### ABOUT THIS EXERCISE:
Whenever a line in this data holds the word "with", report that line in full.

### Collected data:
+---+

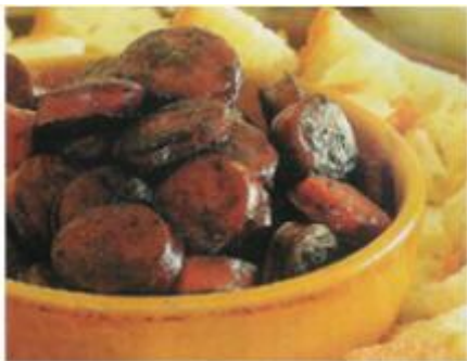
Chorizo with Red Wine
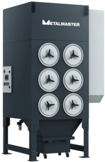
W2724 Laser Fume Extraction
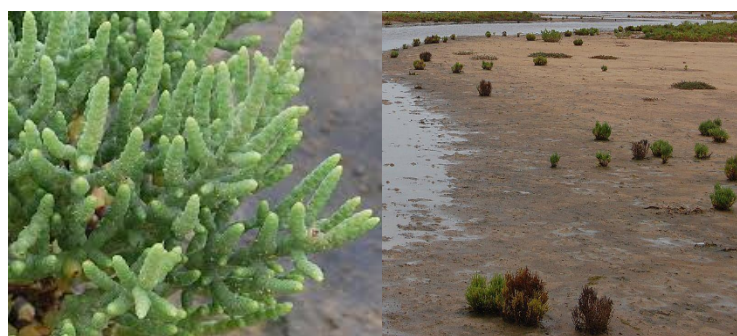
Figure 1. A. indicum plant.

Arthrocnemum indicum (macrostachyum) (Figure 1) is a stem-succulent perennial, greenish-pinkish, shrubby halophyte plant that belongs to the family of Amaranthaceae (Chenopodiaceae). These species of plant are low shrubs that grow up to 1.5 m, much-branched from the base, and frequently form mats. This plant is abundant in saltmarshes along the coastlines of Europe, South-West Asia, and North Africa [18]. In folkloric medicine, A. indicum has been commonly used to treat poisonous bites and stings and possesses beneficial effects against numerous other diseases [16]. The antiproliferative effect of A. indicum shoot (leaves and stems) extracts was compared to the control, and the results are very encouraging [8].
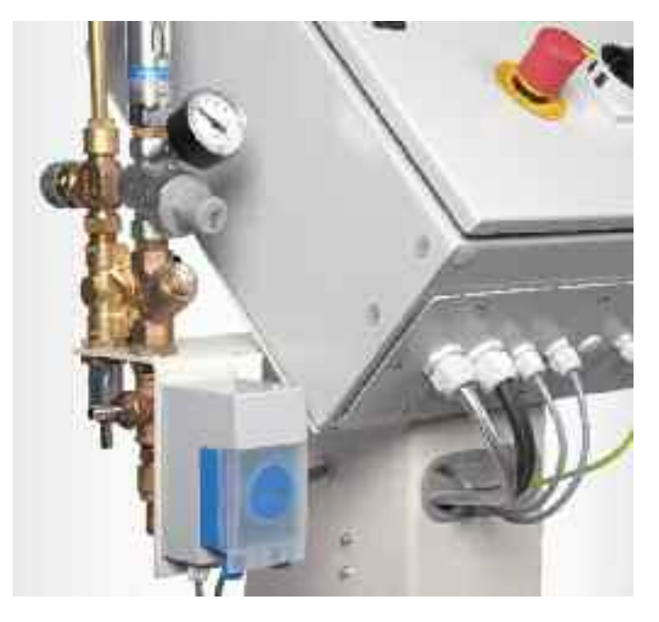
Dosing station for adjustable quantities of the cleaning agent

Stainless steel or silver cutlery parts are gently cleaned with maximum savings of energy and cleaning agent. The time consuming and labor intensive pre-cleaning of the dirty cutlery can be eliminated. The expensive manual post polishing process is no longer required.
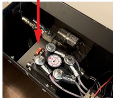
Manual lowering knob
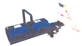
Optional heated swivel chute
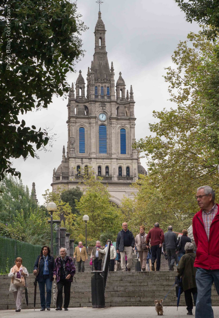
▲ BEGOÑA BASILICA

+---+

### PROBLEM SOLUTION:
Chorizo with Red Wine
Stainless steel or silver cutlery parts are gently cleaned with maximum savings of energy and cleaning agent. The time consuming and labor intensive pre-cleaning of the dirty cutlery can be eliminated. The expensive manual post polishing process is no longer required.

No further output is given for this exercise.